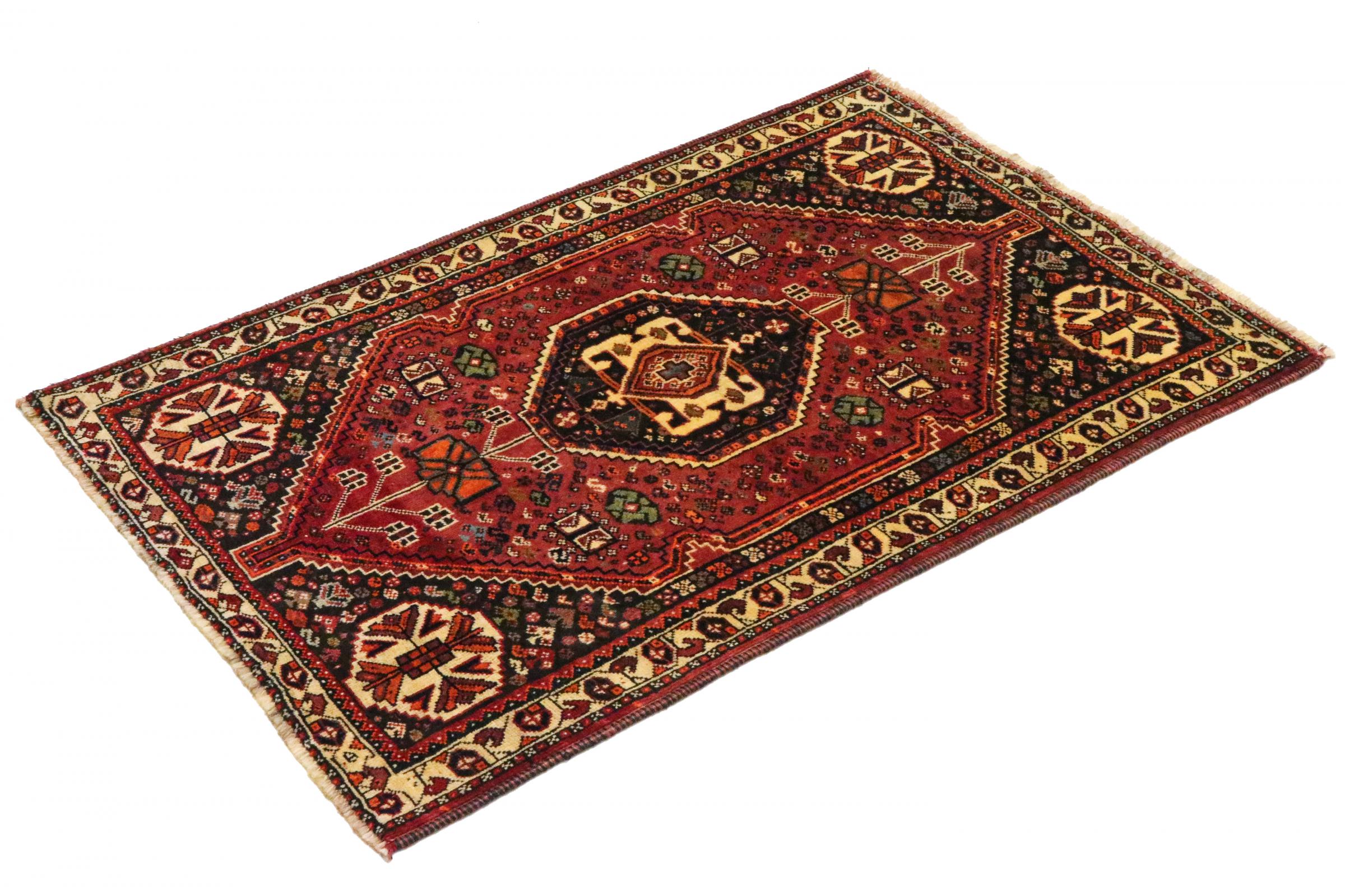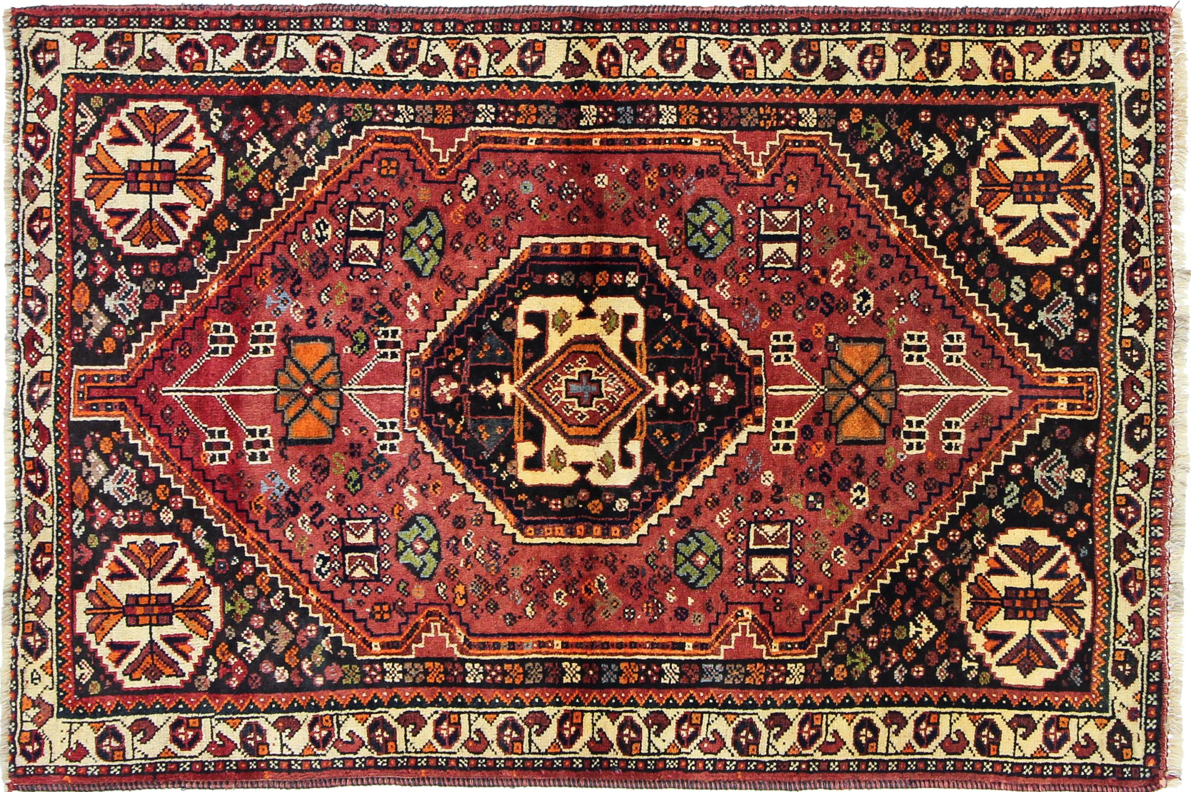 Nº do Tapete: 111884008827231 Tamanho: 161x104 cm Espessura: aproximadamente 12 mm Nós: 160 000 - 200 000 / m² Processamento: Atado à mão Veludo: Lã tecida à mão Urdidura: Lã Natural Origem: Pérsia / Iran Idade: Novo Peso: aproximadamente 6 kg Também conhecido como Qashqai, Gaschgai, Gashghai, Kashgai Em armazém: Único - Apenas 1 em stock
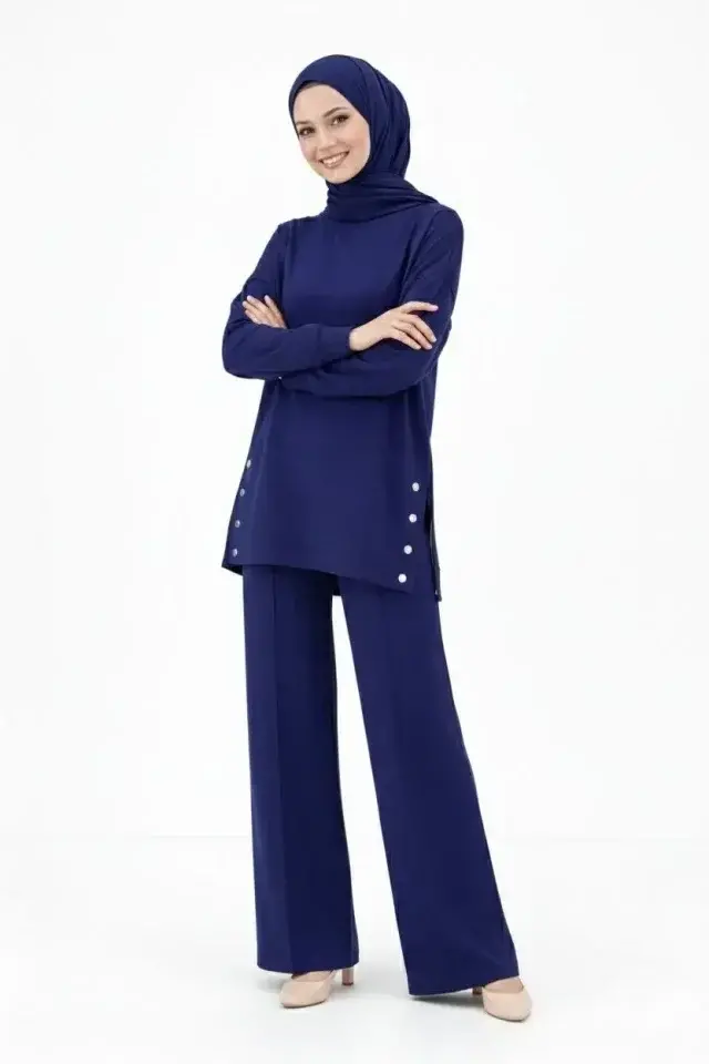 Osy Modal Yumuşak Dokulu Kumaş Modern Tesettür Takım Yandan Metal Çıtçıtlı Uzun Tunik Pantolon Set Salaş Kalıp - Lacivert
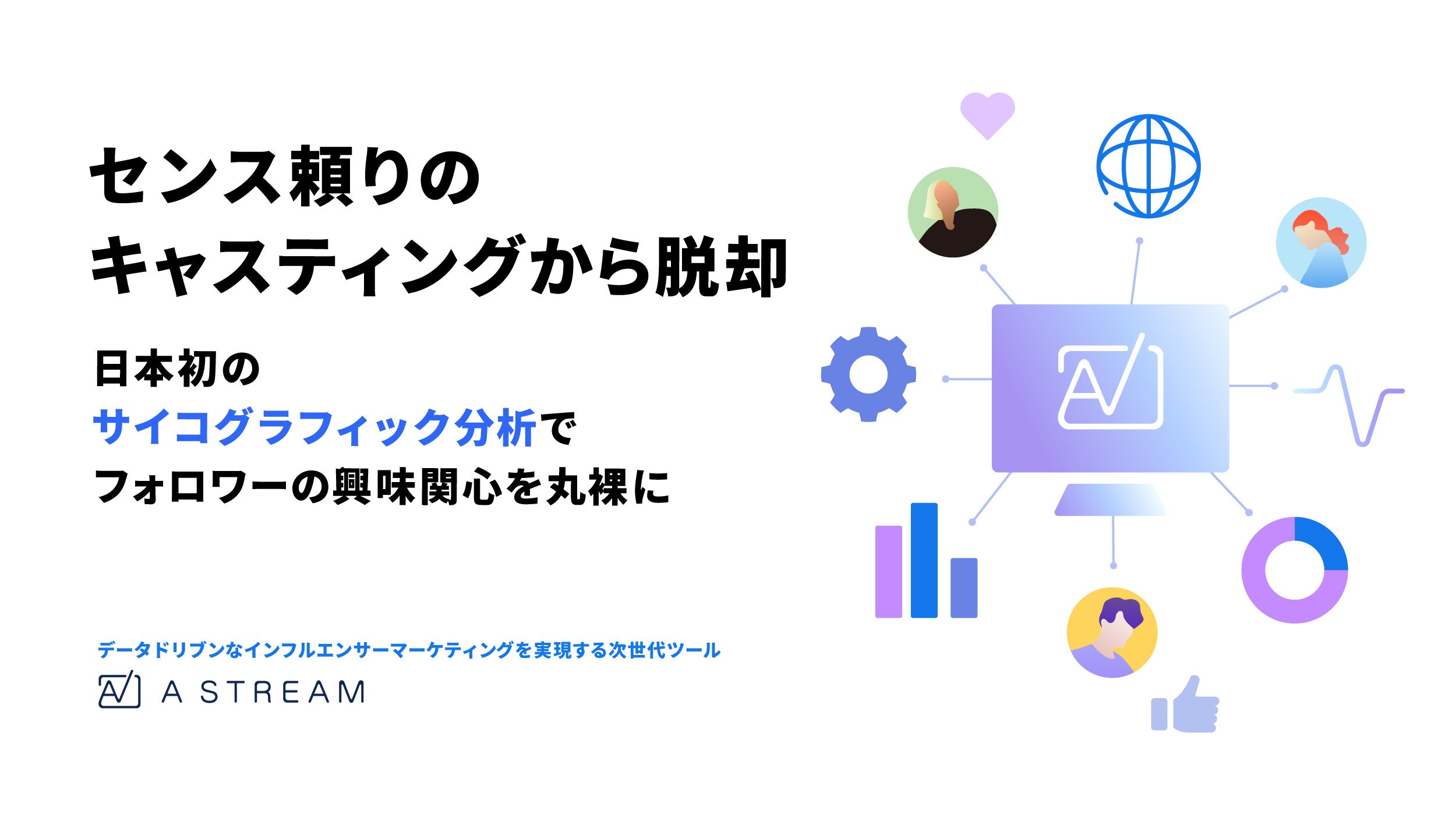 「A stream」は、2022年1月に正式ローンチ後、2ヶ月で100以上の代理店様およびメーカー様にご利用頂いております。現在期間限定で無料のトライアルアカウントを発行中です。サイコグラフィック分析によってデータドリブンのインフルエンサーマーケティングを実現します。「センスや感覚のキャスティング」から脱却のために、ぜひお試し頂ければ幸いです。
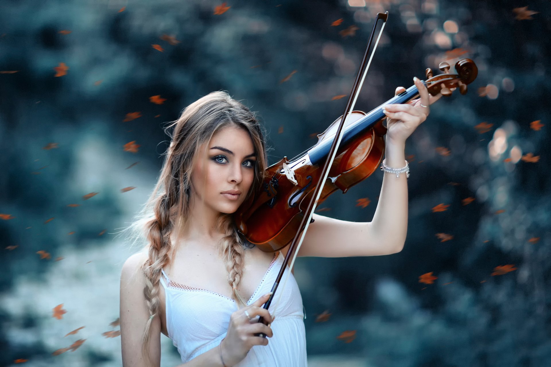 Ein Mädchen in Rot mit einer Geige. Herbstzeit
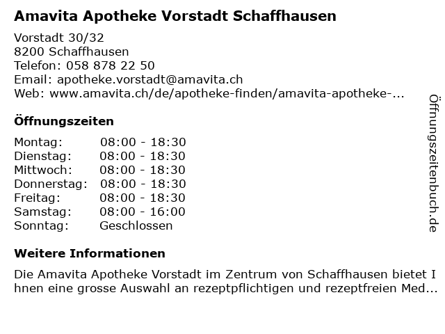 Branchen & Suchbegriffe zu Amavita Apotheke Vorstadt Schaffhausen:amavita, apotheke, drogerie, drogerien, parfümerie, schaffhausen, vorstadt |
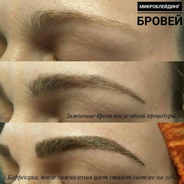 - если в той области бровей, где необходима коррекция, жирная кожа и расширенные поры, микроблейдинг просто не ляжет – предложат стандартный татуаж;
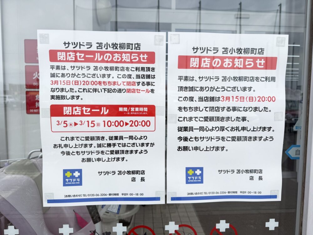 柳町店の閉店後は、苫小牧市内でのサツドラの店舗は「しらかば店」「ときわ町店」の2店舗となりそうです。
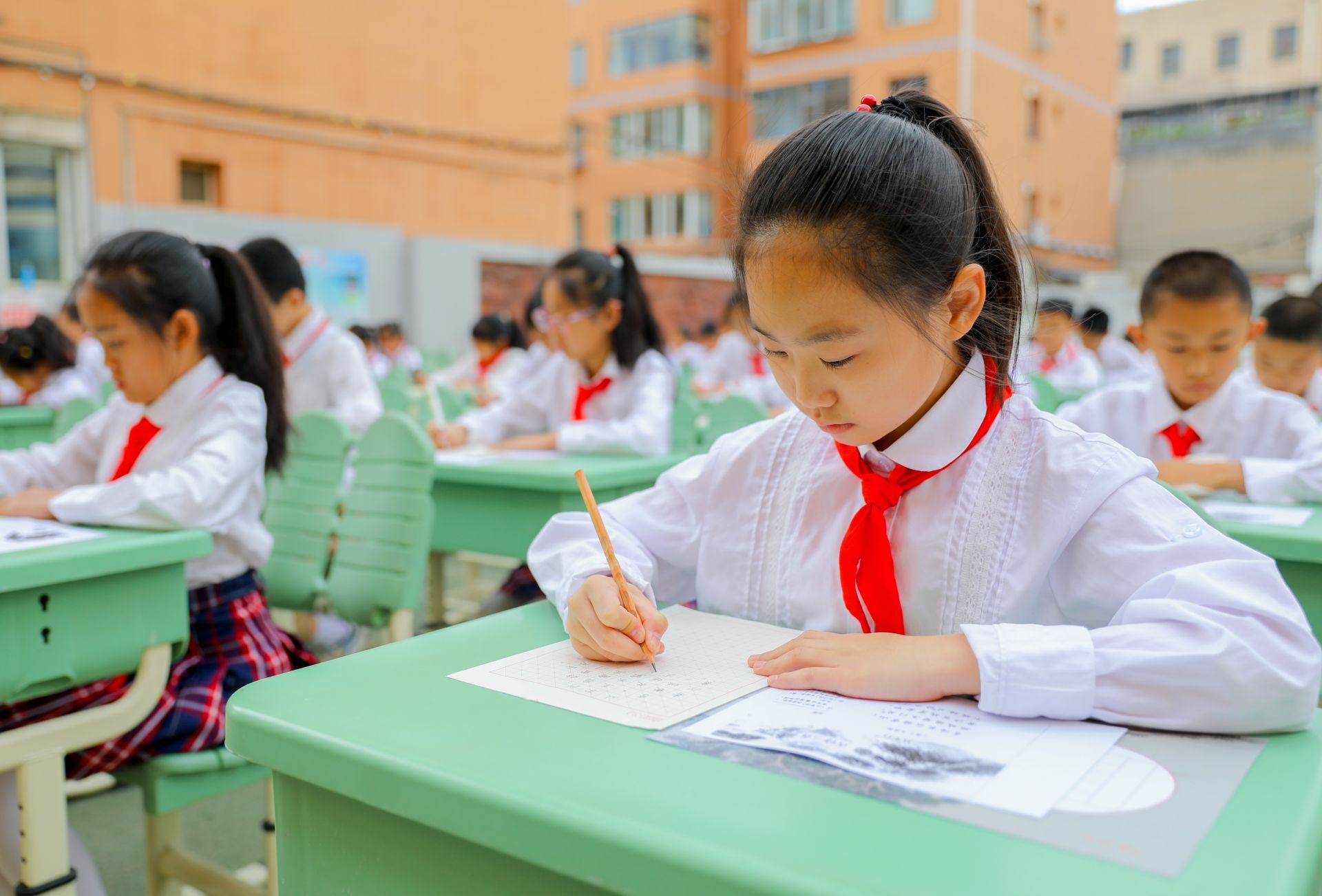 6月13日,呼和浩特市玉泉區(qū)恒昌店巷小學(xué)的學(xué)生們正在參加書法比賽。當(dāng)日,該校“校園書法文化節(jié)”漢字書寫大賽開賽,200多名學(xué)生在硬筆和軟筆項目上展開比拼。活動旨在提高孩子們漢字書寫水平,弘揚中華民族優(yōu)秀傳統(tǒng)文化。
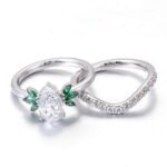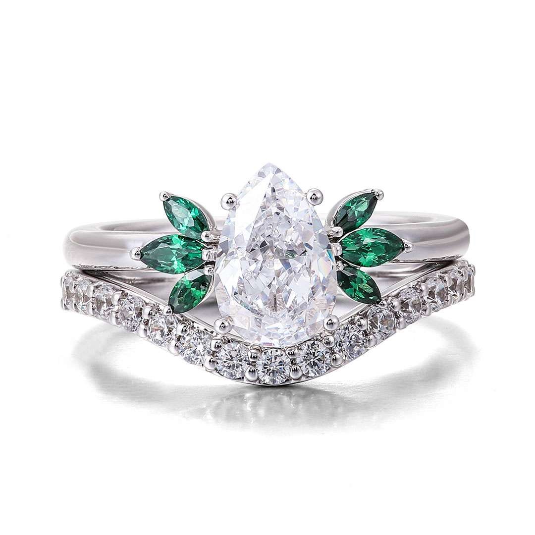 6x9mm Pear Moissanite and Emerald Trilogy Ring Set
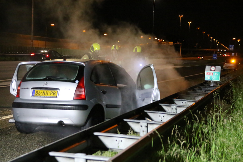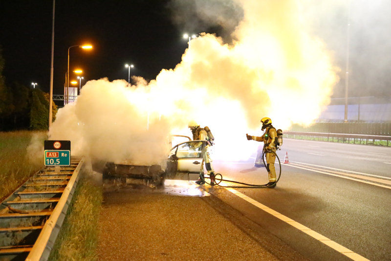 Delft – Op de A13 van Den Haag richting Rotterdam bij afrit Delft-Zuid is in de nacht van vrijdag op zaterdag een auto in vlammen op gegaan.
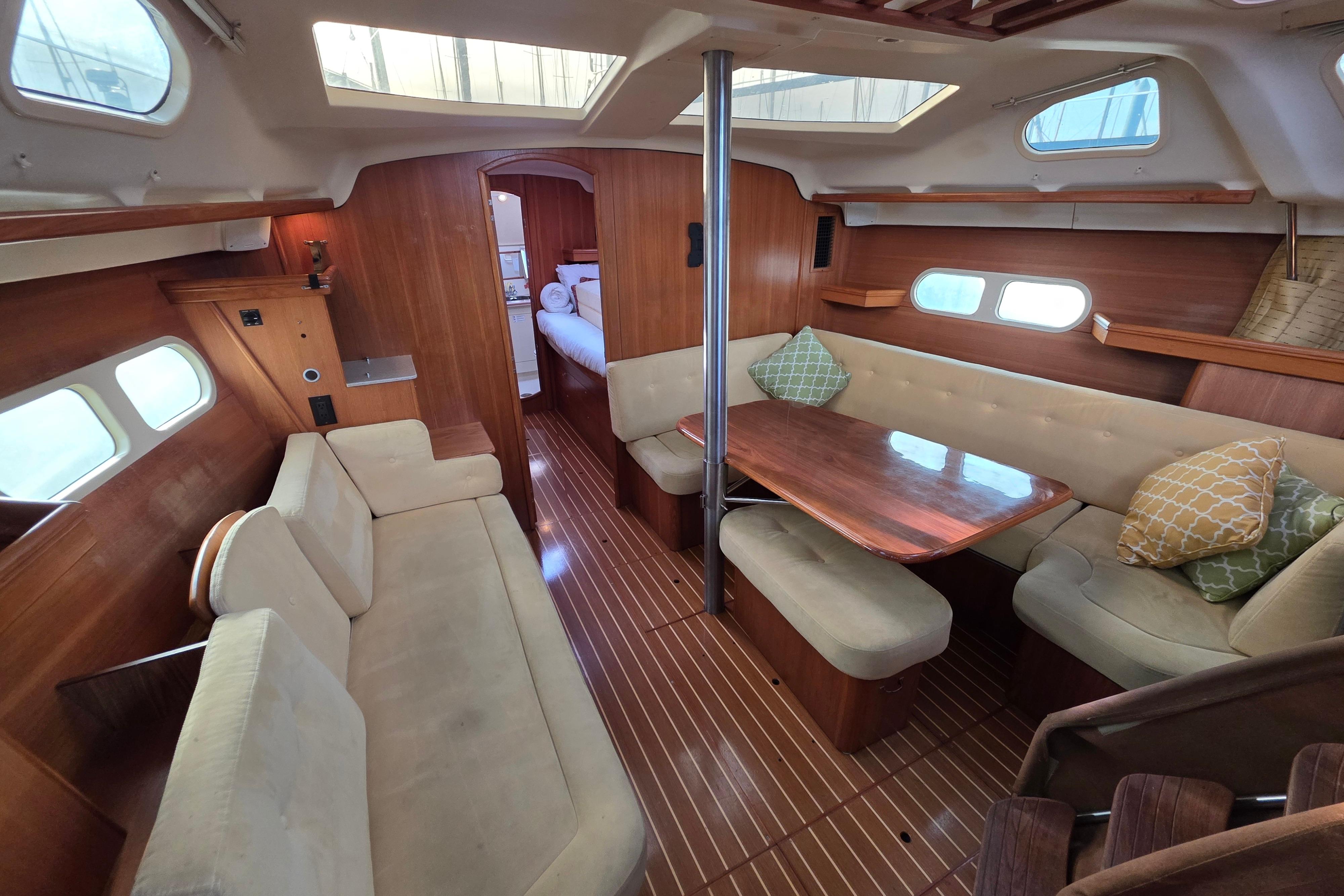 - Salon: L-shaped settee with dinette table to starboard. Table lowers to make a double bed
########
*WORK TO COMPLETE*: What this calls for is the material above set down exactly, pictures excluded.

*EXPECTED ANSWER*:
 Nº do Tapete: 111884008827231 Tamanho: 161x104 cm Espessura: aproximadamente 12 mm Nós: 160 000 - 200 000 / m² Processamento: Atado à mão Veludo: Lã tecida à mão Urdidura: Lã Natural Origem: Pérsia / Iran Idade: Novo Peso: aproximadamente 6 kg Também conhecido como Qashqai, Gaschgai, Gashghai, Kashgai Em armazém: Único - Apenas 1 em stock
 Osy Modal Yumuşak Dokulu Kumaş Modern Tesettür Takım Yandan Metal Çıtçıtlı Uzun Tunik Pantolon Set Salaş Kalıp - Lacivert
 「A stream」は、2022年1月に正式ローンチ後、2ヶ月で100以上の代理店様およびメーカー様にご利用頂いております。現在期間限定で無料のトライアルアカウントを発行中です。サイコグラフィック分析によってデータドリブンのインフルエンサーマーケティングを実現します。「センスや感覚のキャスティング」から脱却のために、ぜひお試し頂ければ幸いです。
 Ein Mädchen in Rot mit einer Geige. Herbstzeit
 Branchen & Suchbegriffe zu Amavita Apotheke Vorstadt Schaffhausen:amavita, apotheke, drogerie, drogerien, parfümerie, schaffhausen, vorstadt |
 - если в той области бровей, где необходима коррекция, жирная кожа и расширенные поры, микроблейдинг просто не ляжет – предложат стандартный татуаж;
 柳町店の閉店後は、苫小牧市内でのサツドラの店舗は「しらかば店」「ときわ町店」の2店舗となりそうです。
 6月13日,呼和浩特市玉泉區(qū)恒昌店巷小學(xué)的學(xué)生們正在參加書法比賽。當(dāng)日,該校“校園書法文化節(jié)”漢字書寫大賽開賽,200多名學(xué)生在硬筆和軟筆項目上展開比拼。活動旨在提高孩子們漢字書寫水平,弘揚中華民族優(yōu)秀傳統(tǒng)文化。
 6x9mm Pear Moissanite and Emerald Trilogy Ring Set
 Delft – Op de A13 van Den Haag richting Rotterdam bij afrit Delft-Zuid is in de nacht van vrijdag op zaterdag een auto in vlammen op gegaan.
 - Salon: L-shaped settee with dinette table to starboard. Table lowers to make a double bed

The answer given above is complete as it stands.